In 2022, in partnership with REACH Edmonton and InWithForward (and with support from the Stollery Charitable Foundation, Bissell Centre and Mustard Seed), we tested Soloss in the context of frontline social service agencies as a form of employee assistance. In 2021, in partnership with InWithForward and REACH Edmonton, we tested Soloss in the Belvedere and Balwin neighbourhoods. (Read more about the problem, the solution and what we tried on the Soloss 2021 page here.)

Prototyping evidence from both years showed that when we pause to recognize loss, and mark the moment, together, as fellow humans -- not as professionals or experts -- we can start to bridge class, race and religious divides and lay the groundwork for individual and collective healing. Everyone involved agreed that we needed to continue learning with this prototype.

The Background

Across 59 ethnographic stories of street-involved adults spending time in Edmonton’s inner city and south side between 2017-19, profound experiences of loss & grief were the common thread. Inadequately acknowledged losses, with little to no space for mourning, were often a catalyst to chronic crisis -- to repeated housing evictions, stalled addiction recovery, and relationship breakdown. And this was before the pandemic turned loss of life, work, rituals, freedom, and certainty into our collective realities.

The Problem it Addresses

Soloss addresses disenfranchised grief, recognizing that when loss & grief is minimized & sidelined, it can fuel depression, isolation, addiction, eviction, and further marginalization.

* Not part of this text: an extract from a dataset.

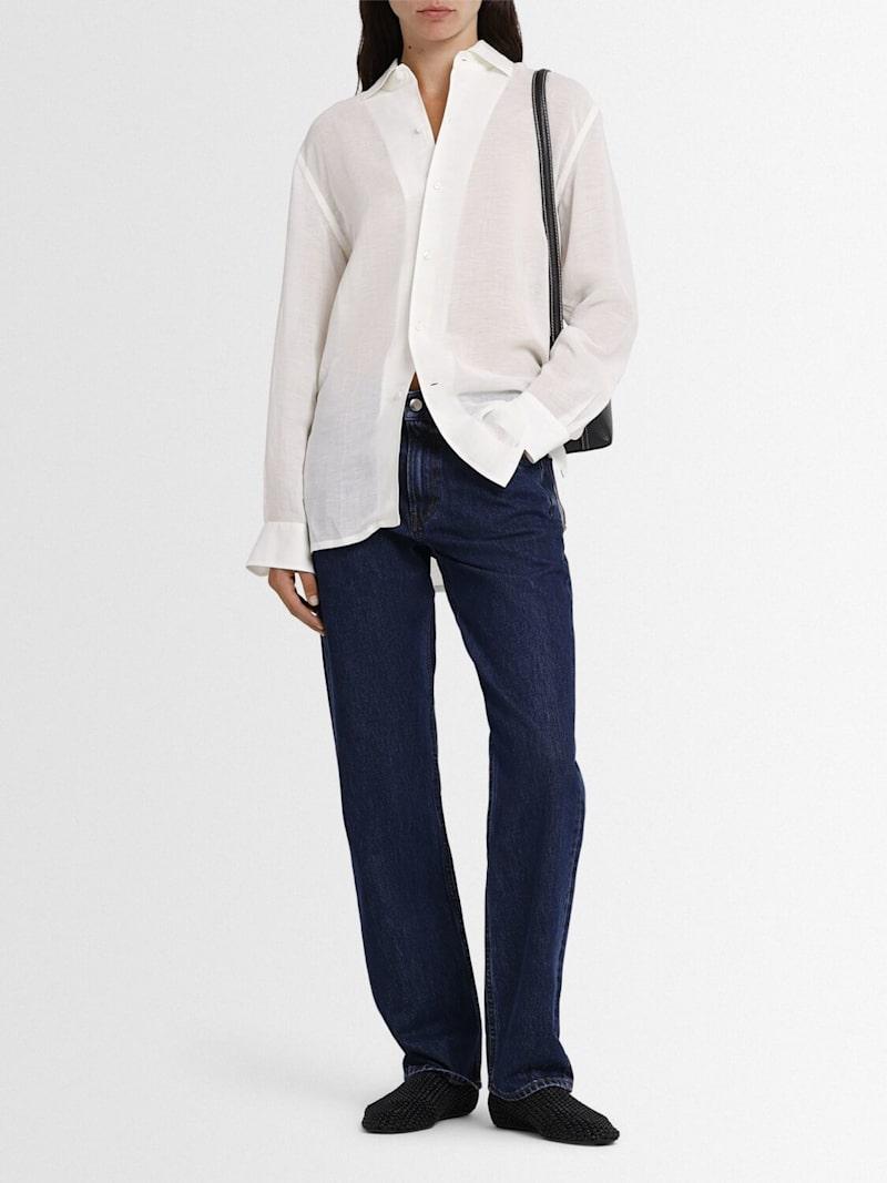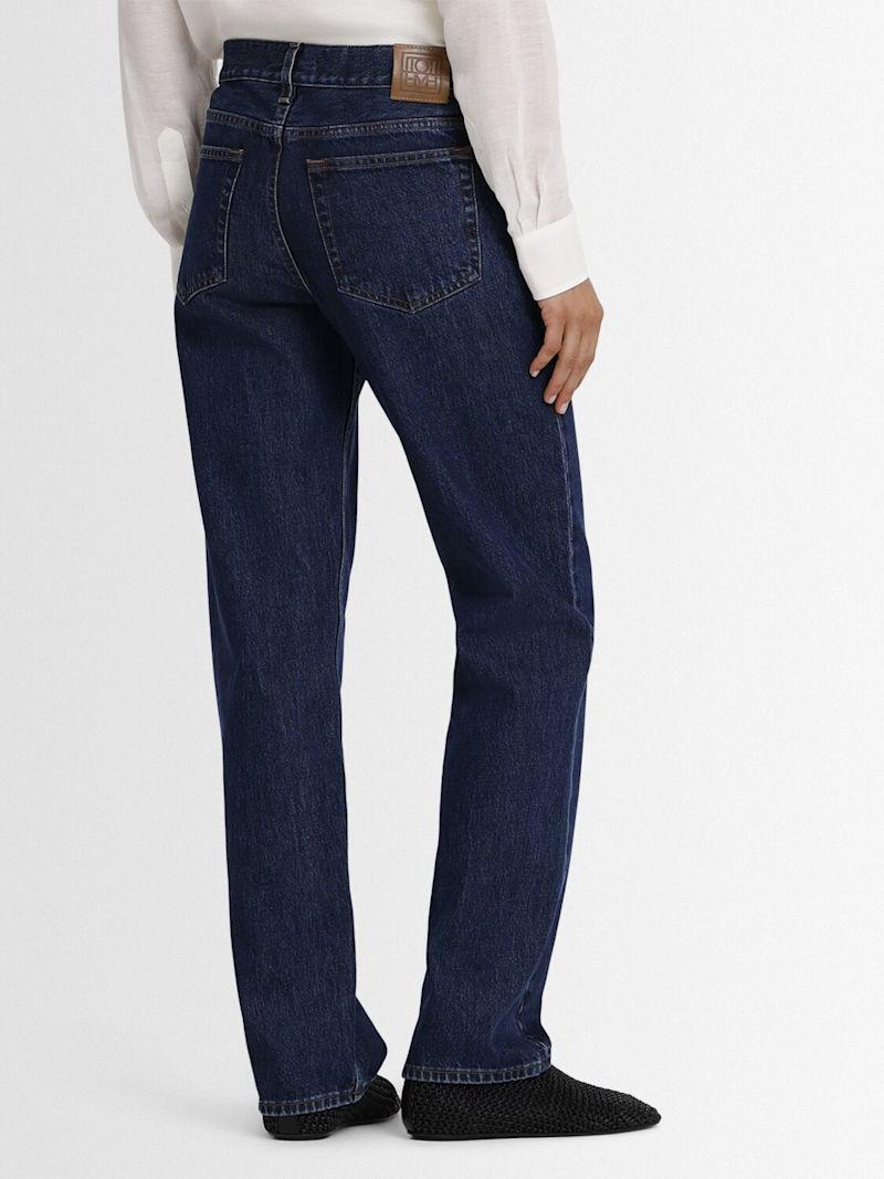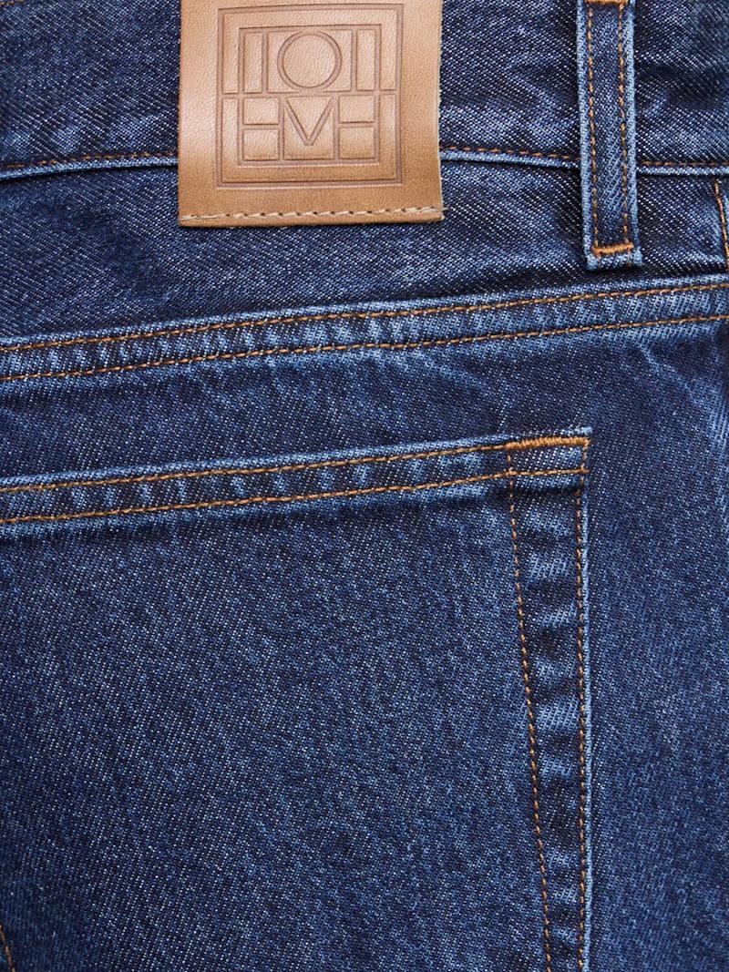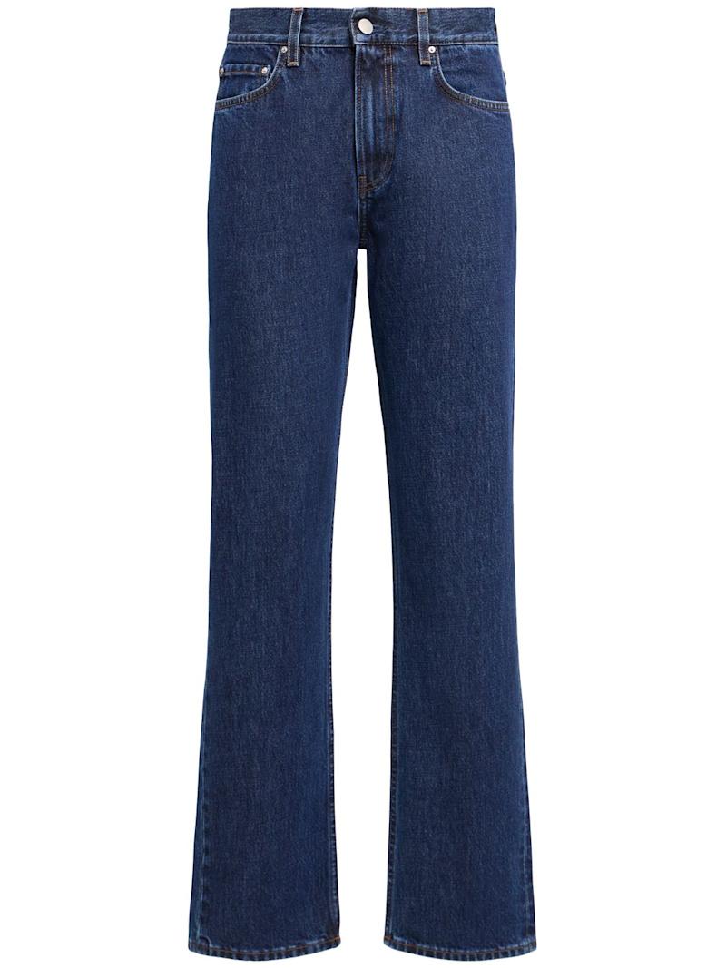 低腰棉质直筒牛仔裤 - 靛蓝色 - 女士 - Toteme - 正面纽扣和隐藏式拉链开合.

“Disenfranchised grief ... results when a person experiences a significant loss and the resultant grief is not openly acknowledged, socially validated or publicly mourned. In short, although the individual is experiencing a grief reaction, there is no social recognition that the person has a right to grieve or a claim for social sympathy or support.” - Kenneth Doka

The Focus for 2023

  1. Testing Soloss in the context of encampments is like going back to its roots. Early research in encampments showed that disenfranchised grief and loss were huge. This news article explains: “No, sleeping outside wasn’t some utopian ideal. But, for many, it was a way to try to gain back something they had lost: some agency, some respect, some purpose. And yet, the losses kept piling up. Loss of friends and relatives. Loss of safety and belongings. Each time their tents were found, they risked losing their home and their community. Mostly these losses went unrecognized, the grief that ensues, unacknowledged. When we don’t have space to mourn and opportunities to heal, we can carry the pain, the hurt, the heaviness, the anger, and the fear with us. It can thwart our wellbeing. That’s when the spark for Soloss emerged.” We will continue to test how Soloss might offer a different kind of support for grief and loss, rooted in cultural healing versus clinical problem solving.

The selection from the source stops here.